If qemu or kvm is not installed refer to your distribution on how to add it.
In case of Debian or Debian derivatives (like Ubuntu):
apt-get install qemu-kvm
Download the latest Daily brewed Debian disk images for VirtualSquare.
It is approximately 0.45GB.
$ bunzip2 debian-sid-v2-amd64-daily-????????-????.qcow2.bz2
question marks should be changed with the actual date and version number of the disk image. e.g.:
$ bunzip2 debian-sid-v2-amd64-daily-20200528-277.qcow2.bz2
We suggest the following command:
$ qemu-system-x86_64 -enable-kvm -smp $(nproc) -m 2G -monitor stdio -cpu host\
-netdev type=user,id=net,hostfwd=tcp::2222-:22 -device virtio-net-pci,netdev=net \
-drive file=$(echo debian-sid-v2-amd64-daily-????????-????.qcow2)

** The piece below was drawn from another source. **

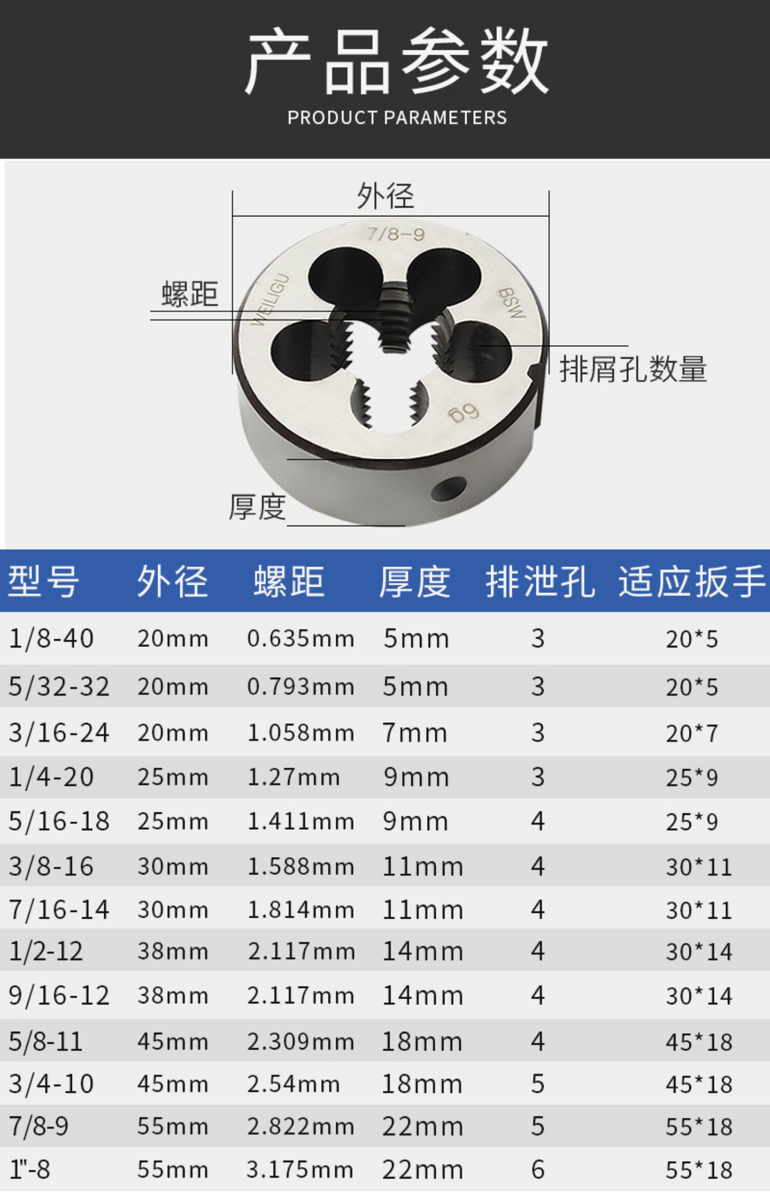 | Цвет: | 1/8-40, 5/32-32, 3/16-24, 1/4-20, 5/16-18, 3/8-16, 7/16-14, 1/2-12, 9/16-12, 5/8-11, 3/4-10, 7/8-9, 1 ‘’ 8, Специальная тяга 20x5 (подходит для 1/8-5/32), Специальная тяга 20x7 (подходит для 3/16), Special Pull 25x9 (подходит для 1/4-5/16), Специальная тяга 30x11 (подходит для 3/8-7/16), Выделен 38x14 (подходит для 1/2-9/16), Выделенная тяга 45x18 (подходит для 5/8-3/4), Выделенная тяга 55x18 (подходит для 7/8-1 "8) |

The number of cores (-smp $(nproc)
) and the amount of memory (-m 2G
) should be adapted to
your environment. (This command uses all the cores available in the hosting computer -- the output of the nproc
command).
It is possible to name the actual file name including the date and version number in this way:
$ qemu-system-x86_64 -enable-kvm -smp $(nproc) -m 2G -monitor stdio -cpu host\
-netdev type=user,id=net,hostfwd=tcp::2222-:22 -device virtio-net-pci,netdev=net \
-drive file=debian-sid-v2-amd64-daily-20200611-294.qcow2
the password is virtualsquare
This command installs all the packets needed by the virtualsquare projects and then downloads, builds and installs all the latest versions of the projects directly from the development repositories.
# ./get_v2all
This operation may require some minutes (the actual time needed depends on the bandwidth of your internet connection and the performance of your processor). now you can logout as root.
logout
Type user
at the login prompt, the password is virtualsquare
Now you can choose the tutorial experiment you like from the menu and run it.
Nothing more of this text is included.